I’ve been meditating on the forces at work in the world and how to use them instead of butting up against them, as we move forward into a new phase, once again, of Listen & Be Heard, the Network Phase. While Tony and I worked hard to make our fledgling publication useful and viable at the same time, the trend in publishing and advertising money was all heading toward the World Wide Web. Print costs were very high and ate up our limited budget. But we knew that in the City of Vallejo, the majority of people were still not on-line at all. There was no local radio station or TV station. The one newspaper for Vallejo is not really a local paper; most of its content comes from the AP Wire. A good chunk of their advertising comes from being part of a chain of newspapers. With this kind of set up for a city of 200,000 or so people, there is precious little opportunity to be heard, listened to, or even noticed at all.
We were attempting to fill the void of local reporting and coverage of arts events, knowing how important that function is to the vitality of arts and culture where we live. We were excluded from national ads and had to depend on local advertising. We thought that that made sense anyway. Ideally local merchants and arts organizations would buy into the concept of a locally produced paper distributed around the bay area that would promote their efforts to revitalize the downtown area. But the reality was that most of the arts organizations we served, in our guides and calendars and reviews and interviews that we published each week, cried poor when we approached them to advertise in the newspaper. I know that many organizations reaching this juncture turn to a not-for-profit status, and alternative funding sources like grants. But that route runs counter to our own personal ideal that it’s better to create something from the ground up with what you have around you, than to ask for anything.
By that time we were not only publishing the same content on the Web, we had opened Listen & Be Heard Poetry Cafe in downtown Vallejo. Even though the newspaper brought new people from around the bay area into our cafe every day, proof positive of our vision, it wasn’t enough business for us to carry the print costs alone. We finally made the decision to continue publishing exclusively on-line, which has continued as a weekly publication currently called Listen & Be Heard Network Arts News at http://www.listenandbeheard.net/artsnews.
On a personal level I was relieved of the worry about where the money for the printer was going to come from, and a whole lot of technical headaches related to print production, but I knew something valuable to the community was gone. While it’s easy to say that ‘everything is moving to the web,’ on a global scale the reality is that most people don’t even have a telephone, let alone access to the internet. Publishing on the web is simultaneously an important outlet for freedom of expression, and an exclusive outlet for people with access to the internet. There’s something else too though, besides the huge economic forces that impact our ability to make an independent income.
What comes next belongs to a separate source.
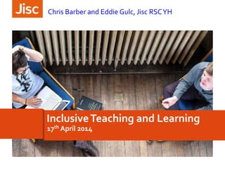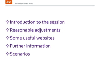This document summarizes an event on inclusive teaching and learning. It introduces reasonable adjustments that can be made for disabled students, such as training, equipment modifications, and assessment modifications. Several useful websites are listed that provide resources for dyslexia and technology. Examples include Scoop.it and websites for QR codes and digital portfolios. The document concludes with a discussion of using e-books to evidence student learning and scenarios for groups to solve technology-based issues for inclusion.

In a small city like Vallejo, even though it is one of the most diverse cities in the United States, there is still a fixed social structure. People like us, and maybe you, who don’t easily fit into any particular category, find a strong resistance to change of any kind; the definition of Art and Culture is very narrowly defined, exclusive and even self-serving. This type of thinking has the effect of stifling creativity and enthusiasm, and putting a homogenous face on something which in reality is so much more. Traditionally, artistic people in citified cultures, have gone to the big cities to be stimulated and supported by like-minded people and to find opportunities to thrive. Small cities and towns often, (not always) not only don’t offer much opportunity, they also can be as narrow-minded and as downright ignorant as big city dwellers who never get mud on their shoes. Personally I believe we should carry the flame from within wherever we go, and treat each person we meet with the dignity they prove themselves to deserve. At the same time I recognize the great power and comfort in community, and that regardless of where we live, it is our connections which enrich our lives. For those of us who have been called freaks, who often go in the other direction, who can’t always wait to be understood, we have to cast the net far and wide to gain some critical mass, or even find a little understanding.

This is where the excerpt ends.